Graphics system in "original" Linux environment and AMD R600 graphics programming (one-by-one)--r600 instruction set

Source: Internet
Author: User

1 Low-level coloring language Tgsi

The OpenGL program uses the GLSL language to program the programmable graphics processor, the GLSL language (the following high-level coloring language refers to GLSL) is a high-level language of syntax similar to C, in the GLSL specification, GLSL language is first translated into the teaching of low-level class assembly language, and then translated into a hardware-specific instruction set. The OpenGL System Management committee passed two official extensions in June 2002 and September 2002: Arb_vertex_program and Arb_fragment_program to unify support for low-level coloring languages, The GLSL language is compiled into low-level shading languages for both extensions (so the two extensions can be seen as GLSL running virtual machines), and the graphics manufacturer's drivers translate the low-level shading language into GPU instructions. The 1.0 versions of the two extensions are arbvpl0 and arbfpl0, respectively, and the 2.0 versions of the two extensions are ARBVP20 and ARBFP2.

Figure 1

Currently, in Mesa, GLSL is first translated by the compiler into the Tgsi intermediate language, and then the graphics card specific driver compiles the Tgsi language code into GPU instructions, which is shown in 1 (regardless of geometry shader and tesselation shader). Here is a detailed description of the TGSI. This master's thesis, "Advanced coloring Language and its optimized compilation", has a more detailed discussion on GLSL and low-level coloring languages.

2 R600 Instructions

Programs running on the CPU, all the fetch instructions and operation instructions are executed in the stacking order of the code (regardless of instruction set parallelism), and if there is a jump instruction, jump to the appropriate location.

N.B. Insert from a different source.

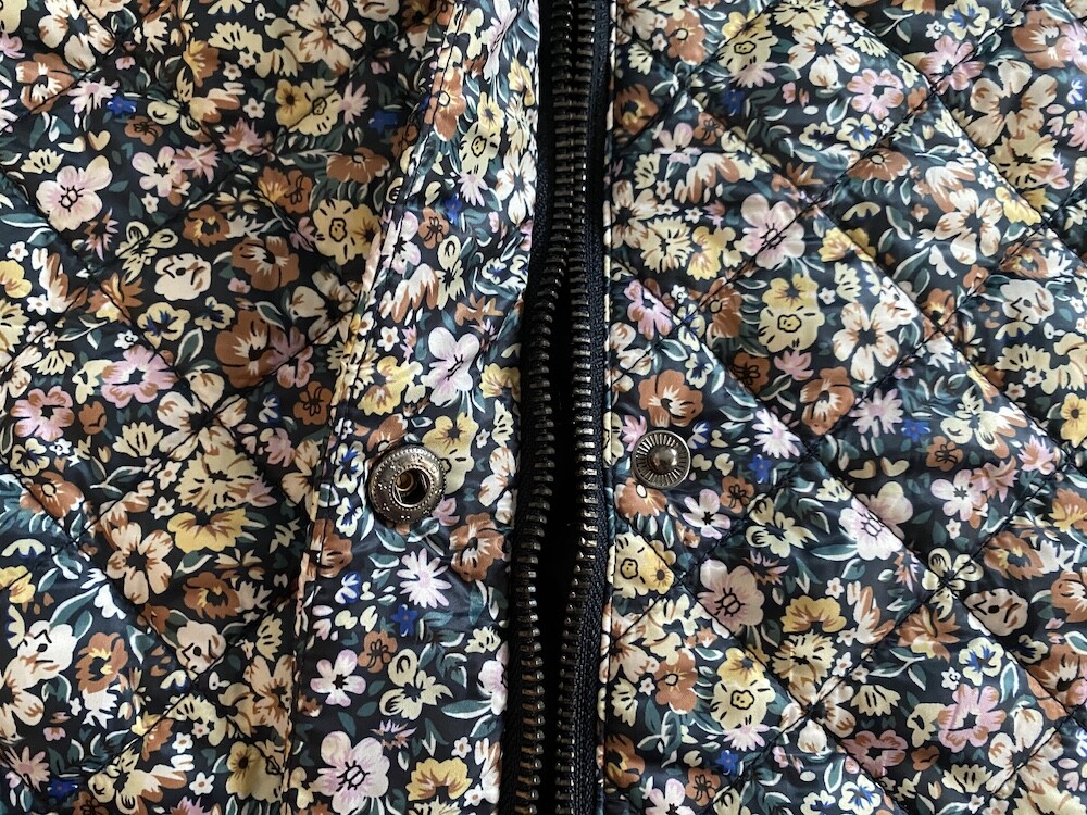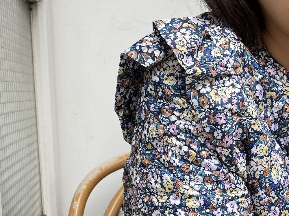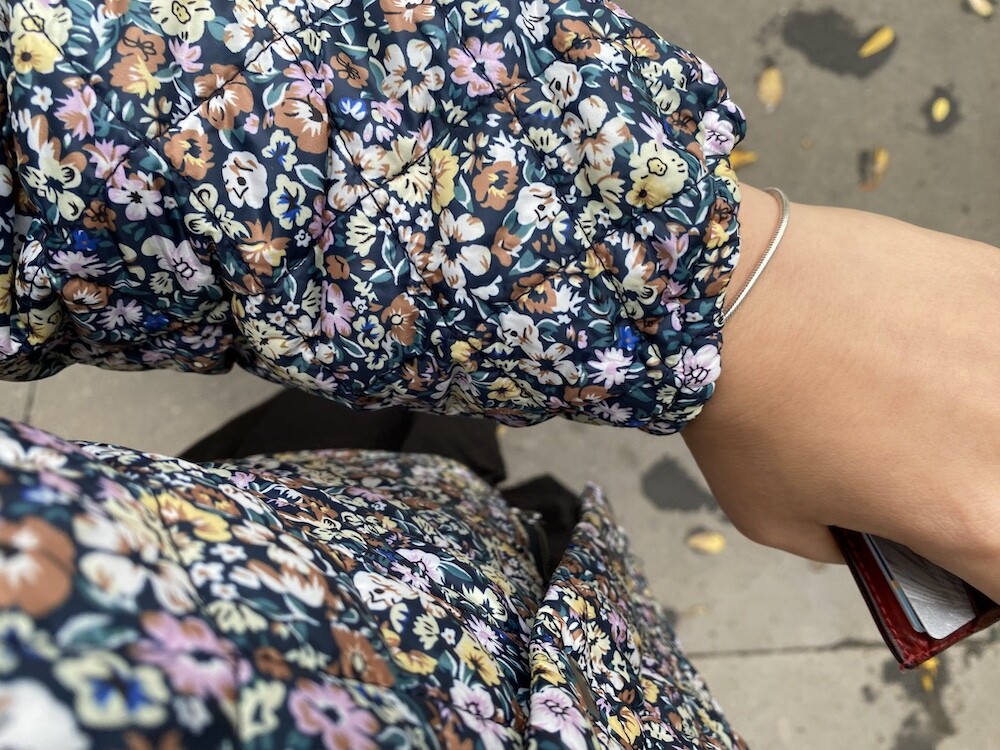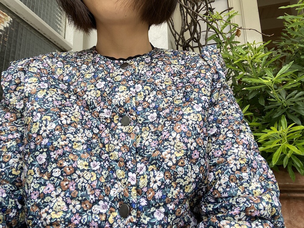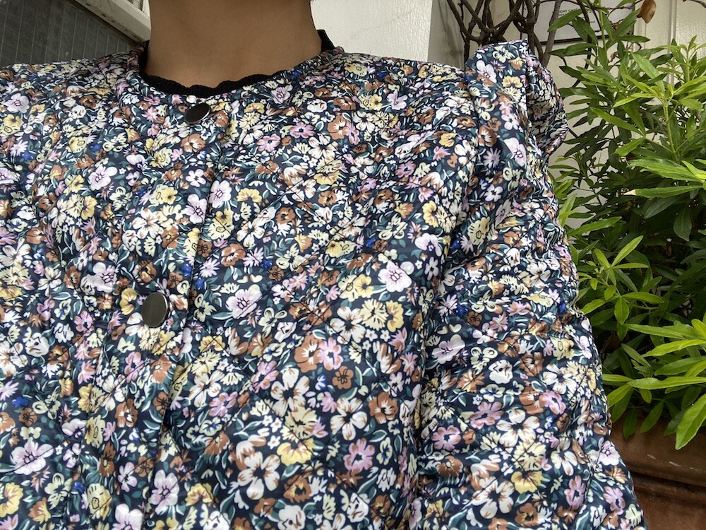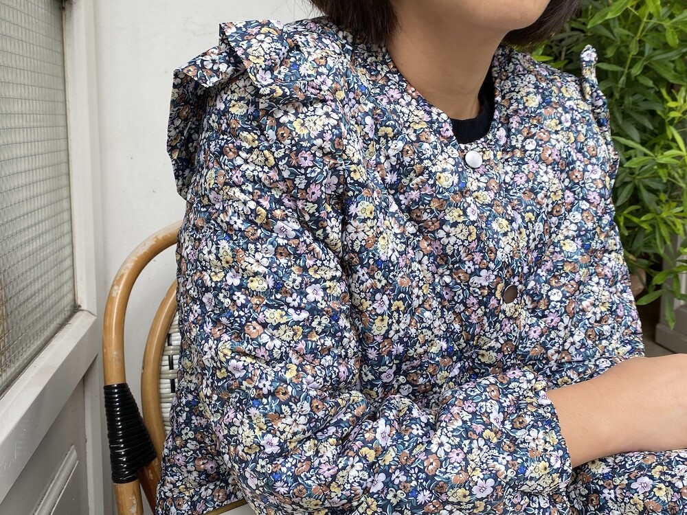 자잘한 꽃무늬가 예쁜 누빔 재킷이에요. 반들반들한 느낌의 폴리 소재 사이에 도톰한 솜을 넣고 박음질한 원단을 사용한 제품으로, 어깨 부분의 날개 프릴과 소매 끝을 모아 퍼프처럼 만든 디자인이 정말 사랑스러워요. 특히 두껍지 않은 누빔 소재라 우락부락한 느낌이 들지 않아요. 앞 여밈은 지퍼를 올린 후 똑딱이로 한 번 더 잠그게 되어 있어 바람을 잘 막아줘요. 그래서인지 얇은 이너를 입고 이 재킷만 입었는데도 따뜻한 느낌이 들더라고요.

GPU is mainly used for operations, the early GPU does not contain complex control procedures, R600 shader programs and CPU programs are relatively humble, there must be a special code to indicate the order of execution of the program, and to indicate the sequence of the program run instructions (Control Flow directive, later called CF Directive) , the operation instruction (hereinafter called the ALU Instruction), and the fetch instruction (called the R600 in the GPU) must be stored by category, the same type of instruction is put together, different types of instructions are stored in some order, the same type of instruction (not including CF instructions) constitutes a clause. Figure 2 shows the form in which the R600 GPU shader program is stored in memory.

Figure 2

The R600 directive contains control Flow (hereinafter referred to as CF) instruction, ALU (operation) instruction, Vertex FECTH (fetch vertex) instruction, and texture fetch (take texture) instruction. The format of the instruction is called Microde format.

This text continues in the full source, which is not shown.